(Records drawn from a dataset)

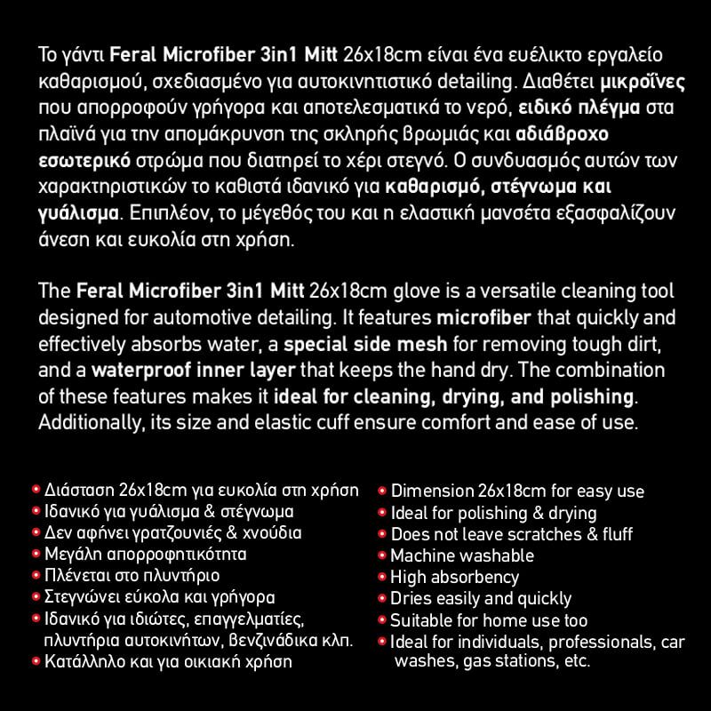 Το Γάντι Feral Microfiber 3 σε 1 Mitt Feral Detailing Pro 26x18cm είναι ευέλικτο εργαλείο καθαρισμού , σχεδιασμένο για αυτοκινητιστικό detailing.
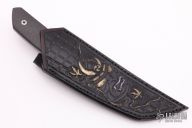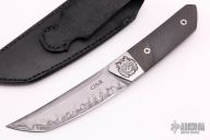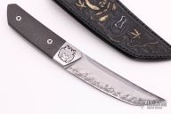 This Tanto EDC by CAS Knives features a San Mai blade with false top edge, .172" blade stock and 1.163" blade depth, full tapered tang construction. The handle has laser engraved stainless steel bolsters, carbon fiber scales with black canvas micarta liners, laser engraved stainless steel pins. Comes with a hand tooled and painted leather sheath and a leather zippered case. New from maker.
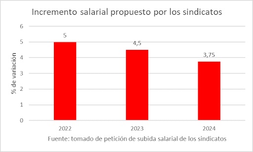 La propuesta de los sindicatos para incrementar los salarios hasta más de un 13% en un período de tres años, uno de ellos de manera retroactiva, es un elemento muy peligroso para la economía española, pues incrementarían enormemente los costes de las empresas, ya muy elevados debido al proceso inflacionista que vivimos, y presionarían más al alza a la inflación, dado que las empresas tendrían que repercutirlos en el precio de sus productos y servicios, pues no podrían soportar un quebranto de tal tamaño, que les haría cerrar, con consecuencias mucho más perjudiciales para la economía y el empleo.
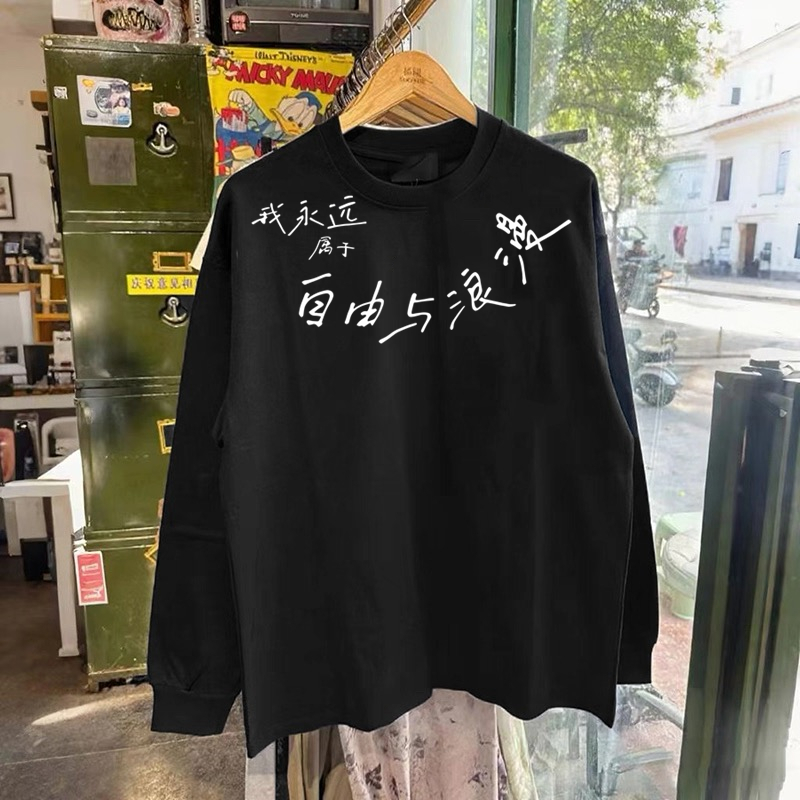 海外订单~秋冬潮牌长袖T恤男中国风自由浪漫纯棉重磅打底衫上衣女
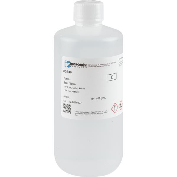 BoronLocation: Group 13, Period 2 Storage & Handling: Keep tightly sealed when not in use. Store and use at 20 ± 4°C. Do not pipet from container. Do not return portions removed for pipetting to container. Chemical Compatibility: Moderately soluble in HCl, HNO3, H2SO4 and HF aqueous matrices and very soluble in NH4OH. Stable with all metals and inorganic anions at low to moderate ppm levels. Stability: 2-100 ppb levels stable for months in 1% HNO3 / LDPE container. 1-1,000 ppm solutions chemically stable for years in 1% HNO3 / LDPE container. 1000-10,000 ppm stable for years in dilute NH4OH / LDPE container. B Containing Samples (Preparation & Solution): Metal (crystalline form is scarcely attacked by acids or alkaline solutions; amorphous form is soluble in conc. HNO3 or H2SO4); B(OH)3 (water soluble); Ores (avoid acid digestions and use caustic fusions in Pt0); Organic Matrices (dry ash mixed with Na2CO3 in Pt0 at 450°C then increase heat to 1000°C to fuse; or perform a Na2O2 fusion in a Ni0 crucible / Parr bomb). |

WHAT TO DO: Your task is an exact transcription of all the data, minus the pictures.

EXERCISE RESULT:
 Το Γάντι Feral Microfiber 3 σε 1 Mitt Feral Detailing Pro 26x18cm είναι ευέλικτο εργαλείο καθαρισμού , σχεδιασμένο για αυτοκινητιστικό detailing.
 This Tanto EDC by CAS Knives features a San Mai blade with false top edge, .172" blade stock and 1.163" blade depth, full tapered tang construction. The handle has laser engraved stainless steel bolsters, carbon fiber scales with black canvas micarta liners, laser engraved stainless steel pins. Comes with a hand tooled and painted leather sheath and a leather zippered case. New from maker.
 La propuesta de los sindicatos para incrementar los salarios hasta más de un 13% en un período de tres años, uno de ellos de manera retroactiva, es un elemento muy peligroso para la economía española, pues incrementarían enormemente los costes de las empresas, ya muy elevados debido al proceso inflacionista que vivimos, y presionarían más al alza a la inflación, dado que las empresas tendrían que repercutirlos en el precio de sus productos y servicios, pues no podrían soportar un quebranto de tal tamaño, que les haría cerrar, con consecuencias mucho más perjudiciales para la economía y el empleo.
 海外订单~秋冬潮牌长袖T恤男中国风自由浪漫纯棉重磅打底衫上衣女
 BoronLocation: Group 13, Period 2 Storage & Handling: Keep tightly sealed when not in use. Store and use at 20 ± 4°C. Do not pipet from container. Do not return portions removed for pipetting to container. Chemical Compatibility: Moderately soluble in HCl, HNO3, H2SO4 and HF aqueous matrices and very soluble in NH4OH. Stable with all metals and inorganic anions at low to moderate ppm levels. Stability: 2-100 ppb levels stable for months in 1% HNO3 / LDPE container. 1-1,000 ppm solutions chemically stable for years in 1% HNO3 / LDPE container. 1000-10,000 ppm stable for years in dilute NH4OH / LDPE container. B Containing Samples (Preparation & Solution): Metal (crystalline form is scarcely attacked by acids or alkaline solutions; amorphous form is soluble in conc. HNO3 or H2SO4); B(OH)3 (water soluble); Ores (avoid acid digestions and use caustic fusions in Pt0); Organic Matrices (dry ash mixed with Na2CO3 in Pt0 at 450°C then increase heat to 1000°C to fuse; or perform a Na2O2 fusion in a Ni0 crucible / Parr bomb). |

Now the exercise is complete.